What is Regression?

Regression is one of the fundamental building blocks of data analysis and is a powerful statistical analysis method that mathematically models the relationship between variables. It is an important tool for anyone with a need to understand, estimate and model the relationship between variables. Regression, which has been used for years in the field of statistics, has now gone beyond artificial intelligence and machine learning and has become a fundamental element. It draws on a wide range of regression analysis, from sales forecasts, climate change models, financial statements, to campaign optimization by marketing professionals.

Definition and History of Regression

Regression analysis is a statistical method that describes the relationship between a dependent variable and one or more independent variables. Its main objective is to estimate the value of the dependent variable from the values of the independent variables. It allows us to understand the relationship between variables in the data set by expressing this relationship as a mathematical model.

The term regression was first used in the 19th century by Sir Francis Galton. Galton observed that the children of parents who were tall also tended to be tall, but shorter than their parents' average height. He called this trend “return to the mean” and used the term “regression” in this context.

The regression analysis we use today was developed with contributions from mathematicians such as Karl Pearson and Udny Yule and became an important part of statistical science in the early 20th century. With the development of modern computer technologies, the ability to quickly calculate complex regression models has been achieved, which has contributed to the popularization of regression analysis.

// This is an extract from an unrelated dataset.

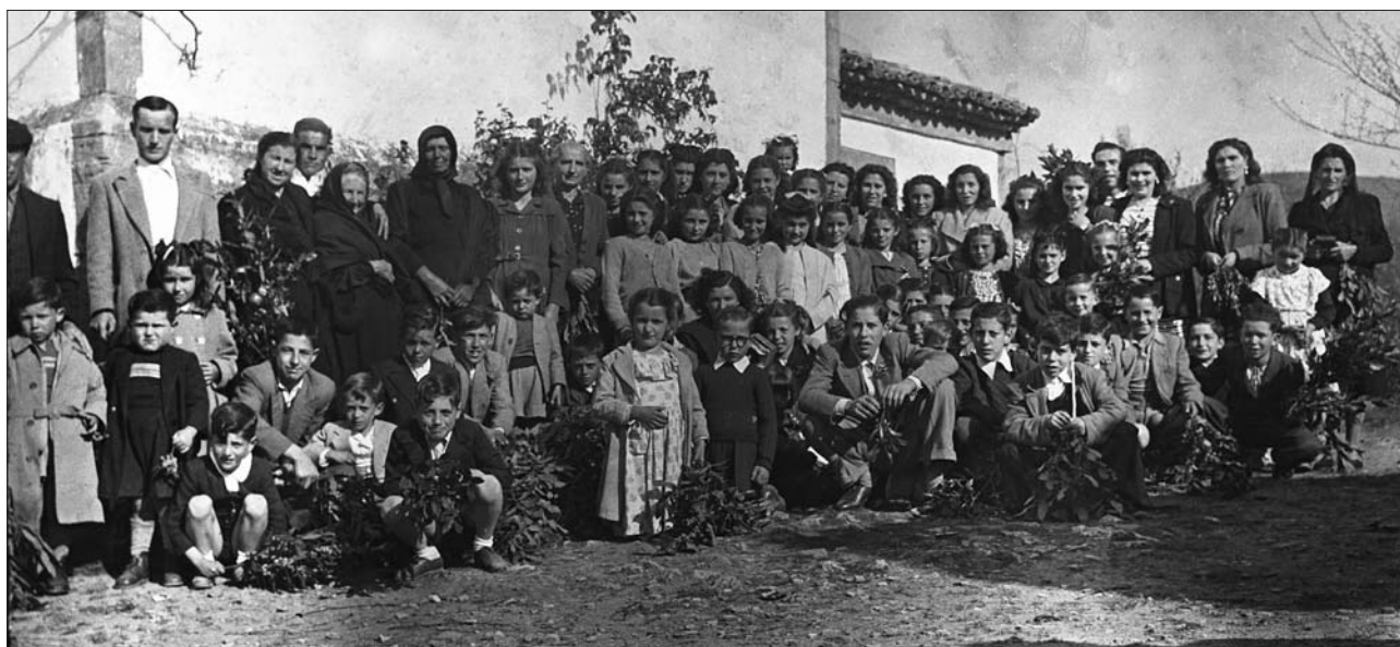
DÍA DE RAMOS EN SANTA CRUZ DE LLANERA A FINALES DE LOS AÑOS 40 DEL SIGLO XX

Desde el 1-1-1944 hasta final del curso 1945/1946 ejerce de maestro en la escuela de Santa

Types of Regression Analysis

There are several types of regression analysis according to different data types and relationship structures. These species are selected according to the structure of the data to be analyzed, the nature of the relationship between the dependent and independent variables. The most commonly used types of regression are:

Simple Linear Regression

Simple linear regression is the most basic type of regression that models the linear relationship between a single independent variable (X) and a dependent variable (Y). Mathematically it is expressed as:

Y = βω + β⋅x + ε

Here:

Y: Dependent variable
X: Independant
βω: the point at which it intersects the Y-axis (fixed term)
β₂: Slope (effect of a unit change in X on Y)
ε: Error term

Simple linear regression can be used, for example, to model the relationship between the price of a product and the quantity of sales, or to analyze the relationship between hours worked and the quantity of production.

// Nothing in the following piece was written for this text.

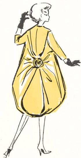
PIERRE CARDIN : manteau du soir en satin duchesse bleu turquoise ; rose du même tissu.

Toutes les collections sont sous le signe du trompe-l'œil. Et cela peut sans doute s'expliquer. La génération actuelle des modélistes est l'enfant du surréalisme. Elle est née après lui, mais elle a eu comme classiques les œuvres écrites, peintes, ou sculptées de cette école. Toute jeune, elle était déjà familière avec la Girafe en feu de Salvador Dali, que veille la femme aux cuisses hérissées de tiroirs. Elle a connu la ruée vers les antiquaires, la recherche des objets qui ne sont pas ce à quoi ils ressemblent. Et placée dans une époque où l'actualité et le souci du neuf sont des impératifs dévorants, elle retourne à ses sources. Ce n'est d'ailleurs pas la première fois que la couture s'évade de la simple notion du vêtement pour accéder à la fantaisie. Ce qui est nouveau, c'est la totalité de cette évolution : lorsque Poiret, un peu avant la guerre de 14, faisait scandale et bouleversait le petit univers des couturiers par ses conceptions hardies, c'était déjà le même élan spirituel qui l'animait. Paul Poiret eut le sort des précurseurs et le feu d'artifice retomba après les dernières fusées, mais les étincelles n'étaient éteintes qu'en apparence. Sous l'aiguillon de la demande mondiale de renouvellement, harcelés par la confection de luxe qui a fait des progrès remarquables, les jeunes modélistes, qui tous se connaissent, dont beaucoup sont amis, qui constituent une véritable école de Paris

Multiple Linear Regression

Multiple linear regression is a type of regression that models the effect of multiple independent variables on the dependent variable. Its formula is as follows:

Y = βω + β₂x₂ + β₂x₂ +... + βx+ ε

Here:

Y: Dependent variable
X¹, X₂,..., X: Independents
β₂, β₂, β₂,..., β: Regression coefficients
ε: Error term

Multiple linear regression is used to model more complex relationships. For example, to estimate the price of a house, one can take into account multiple factors such as location, size, number of rooms, age.

Polynomial Regression

Polynomial regression is a type of regression used in cases where the relationship between the independent and dependent variable is not linear. It includes different forces of the independent variable:

Y = βω + β₂x + β₂x² + β₃ x³ +... + βx+ ε

Polynomial regression is effective in modeling nonlinear complex relationships. For example, it can be used to model sales trends in the life cycle of a product or the effect of temperature on plant growth.

Logistic Regression

Logistic regression, despite its name, is actually a classification method and is used in cases where the dependent variable is categorical. Although its most common use is to predict one of two categories of outcome (successful/fail, yes/no, 1/0), it can also be extended to multi-category classification.

Logistic regression uses the logistic function (sigmoid function) that converts probabilities to a value between 0 and 1:

P (Y=1) = 1/(1 + e^ (- (βω + β₂x₂ + β₂x₂ +... + βx)))

It is widely used in areas such as logistic regression, credit risk assessment, medical diagnosis, predicting customer behavior.

Principle of operation of regression analysis

Regression analysis works using an optimization technique called the “least squares method”. This method aims to find parameters that minimize the sum of the squares of the differences (residuals) between the real values and the estimated values.

The basic steps of regression analysis are:

Data Collection: The first step is to collect the appropriate dataset for analysis. The dataset must contain information about the dependent variable and the independent variables.
Model Selection: Choose the regression model appropriate to the data structure and the nature of the relationship between the variables (linear, polynomial, logistic, etc.).
Parameter Estimation: Estimate model parameters using techniques such as the least squares method.
Model Evaluation: Use various metrics and tests to evaluate the performance of the model.
Forecasting: Make estimates for new data using the generated model.

According to IDC's 2023 report, regression analysis is used as a basic modeling technique in 68% of data science projects. This shows that regression analysis is still one of the most reliable and widely used analytical methods today (IDC Worldwide Data & Analytics Survey, 2023).

Evaluation of Regression Model

Various metrics are used to evaluate the performance of a regression model. These metrics help measure how well the model fits into the data set and its predictive power.

R-squared Value

The R-square (R²) is a metric that shows how much of the variation in the dependent variable is explained by the independent variables. It takes values between 0 and 1:

R² = 0: The model cannot explain the variation in the dependent variable at all.
R² = 1: The model describes all of the variation in the dependent variable.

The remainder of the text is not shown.